• BRIEF:
From the first line down to the one containing "Suggested yarns are", reproduce the entries below exactly and leave out the pictures.

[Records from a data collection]
• • • • • • •

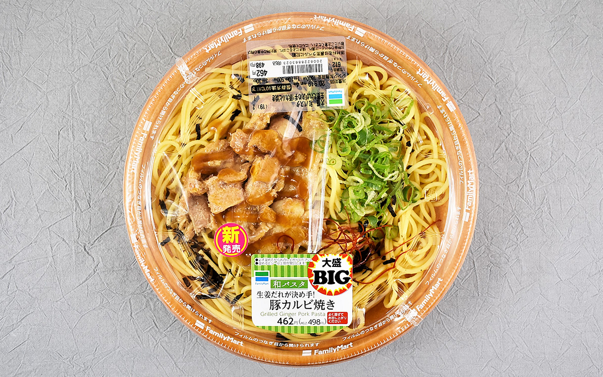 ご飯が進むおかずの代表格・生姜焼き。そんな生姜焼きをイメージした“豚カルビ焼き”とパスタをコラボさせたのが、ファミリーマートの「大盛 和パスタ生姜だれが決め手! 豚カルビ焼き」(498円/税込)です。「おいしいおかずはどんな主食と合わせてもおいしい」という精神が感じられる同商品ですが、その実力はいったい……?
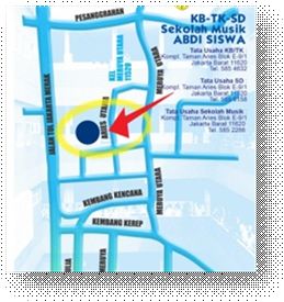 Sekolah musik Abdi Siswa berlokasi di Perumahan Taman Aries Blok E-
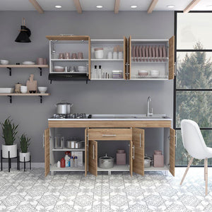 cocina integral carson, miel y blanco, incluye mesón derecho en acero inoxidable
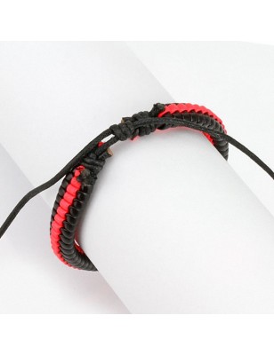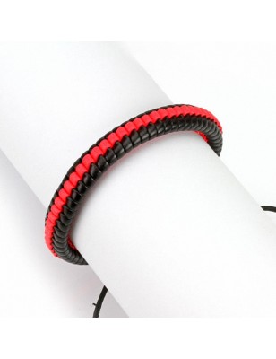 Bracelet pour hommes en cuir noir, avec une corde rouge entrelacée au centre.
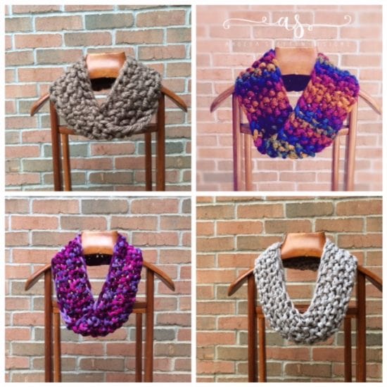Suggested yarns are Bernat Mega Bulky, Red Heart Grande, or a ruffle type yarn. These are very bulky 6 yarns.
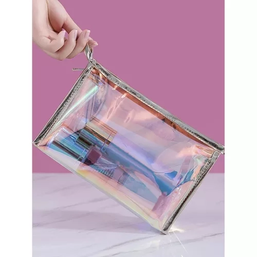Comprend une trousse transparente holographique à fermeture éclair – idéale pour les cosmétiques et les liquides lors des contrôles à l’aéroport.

• • • • • • •

• RESULT OF THIS EXERCISE:
 ご飯が進むおかずの代表格・生姜焼き。そんな生姜焼きをイメージした“豚カルビ焼き”とパスタをコラボさせたのが、ファミリーマートの「大盛 和パスタ生姜だれが決め手! 豚カルビ焼き」(498円/税込)です。「おいしいおかずはどんな主食と合わせてもおいしい」という精神が感じられる同商品ですが、その実力はいったい……?
 Sekolah musik Abdi Siswa berlokasi di Perumahan Taman Aries Blok E-
 cocina integral carson, miel y blanco, incluye mesón derecho en acero inoxidable
 Bracelet pour hommes en cuir noir, avec une corde rouge entrelacée au centre.
Suggested yarns are Bernat Mega Bulky, Red Heart Grande, or a ruffle type yarn. These are very bulky 6 yarns.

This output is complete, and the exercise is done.